An analysis of the sizes of the council of ministers of some of the bigger states indicates how it is not just Modi, but most Bharatiya Janata Party (BJP) chief ministers lead some of the leanest Cabinets in the country.
The 91st amendment of the Constitution, enacted in 2003, mandated that the total number of ministers, including the PM, in the council of ministers should not exceed 15 per cent of the total number of members in the Lok Sabha. The council of ministers shouldn't have more than 81 ministers in a house of 543 members of Parliament (MPs).
The provision also applied to state governments, but with a caveat that the number of ministers, including the chief minister, should not be less than 12. This was to prevent centralisation of power in the hands of the CM in states with smaller legislative Assemblies, such as Goa or northeastern states.
Let alone 15 per cent, the number of ministers in BJP governments at the Centre and Rajasthan, Gujarat and Madhya Pradesh barely crosses 10 per cent of the strength of the Lok Sabha or the respective legislative Assemblies.
This is in contrast to states such as All India Anna Dravida Munnetra Kazhagam (AIADMK)-ruled Tamil Nadu and Congress-Nationalist Congress Party alliance-led Maharashtra.
A lean council of ministers has, in some cases, also meant the chief minister taking care of several portfolios. For instance, Rajasthan CM Raje handles a whopping 44 departments. Her council of ministers has just 12 ministers, the leanest in the country. Similarly, West Bengal CM Mamata Banerjee also runs a lean Cabinet and is in charge of 10 key portfolios.
The Modi-led government is the second leanest in the country. It has 45 ministers, including the PM, when it could have accommodated 81. The previous United Progressive Alliance government led by Manmohan Singh had 72 ministers.
“That BJP governments, both at the Centre and in states, are lean is consistent with our vision of ‘maximum governance and minimum government’. It reduces the burden on the public exchequer,” says BJP national secretary Shrikant Sharma.
However, some ministers in the Modi government privately complain of being overburdened as they are saddled with more than one portfolio. There are, however, several others in the Modi Cabinet with little work. That the PM trusts senior bureaucrats than some of his ministers suggests that a lean government in Modi's case might also be a result of the shallow talent pool in the BJP.
Constitutional expert Subhash C Kashyap disagrees that leaner Cabinets lead to overburdening of ministers. He said the problem was the proliferation of departments and ministries created over the years to sustain a bloated bureaucracy. “Ministers are not burdened because of the 15 per cent rule, but because of artificial creation of departments.”
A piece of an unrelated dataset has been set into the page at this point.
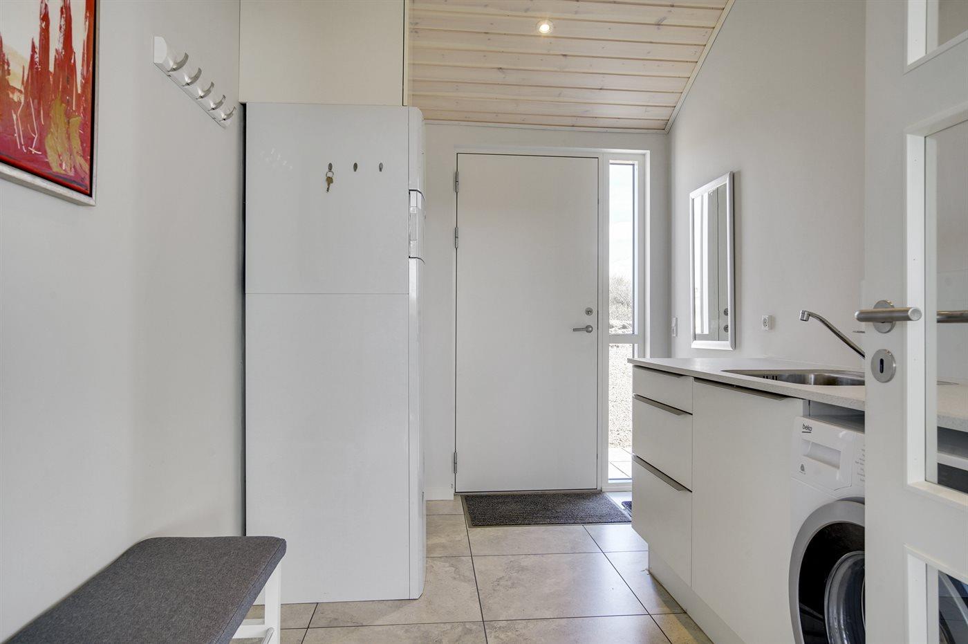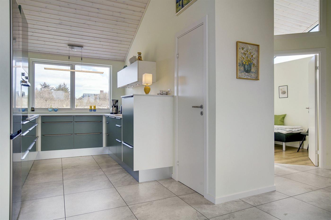 Køkkenet er udstyret med 1 køleskab. Der er 4 induktionskogeplader, varmluftovn, mikrobølgeovn samt opvaskemaskine.

Kashyap, a former secretary-general of Lok Sabha, says the Constitution Commission had recommended the number be restricted to 10 per cent. “But the government of that day felt that it should be 15 per cent.”
Kashyap is of the view that the 15 per cent limit shouldn't be tinkered with, but it is time another recommendation of the Constitution Commission was implemented.
The Commission had called for limiting the number of persons with Cabinet and minister of state rank to just two per cent of the strength of the Lok Sabha or the legislative Assemblies. However, the Commission’s recommendation was not accepted. “The result is that those who do not get ministerial berths because of the 15 per cent rule find their way to becoming chairpersons of corporations and commissions getting all the perks and privileges of a minister from the government,” Kashyap points out.
According to former Rajya Sabha secretary-general Yogendra Narain, who was also the chief secretary of Uttar Pradesh (UP), there is no need to look at the 15 per cent Constitutional benchmark as the ideal size of a Cabinet. “A leaner and meaner council of ministers helps in better coordination and management by the PM or CMs.”
Narain recounts in UP once even the Department of Youth and Welfare was split just so to accommodate more ministers. “The present dispensation at the Centre is perfectly correct in keeping a small ministerial team,” he says, adding coalition governments have led to jumbo-sized Cabinets.
“Lesser number of ministers prevents horse trading and we have cleaner politics and more effective administration,” he notes.
In the mid-1990s, there were 93 ministers in the UP government. In other words, one out of every four MLAs in the Assembly was a minister. “It was very difficult for an officer like me to even remember their names,” Narain says.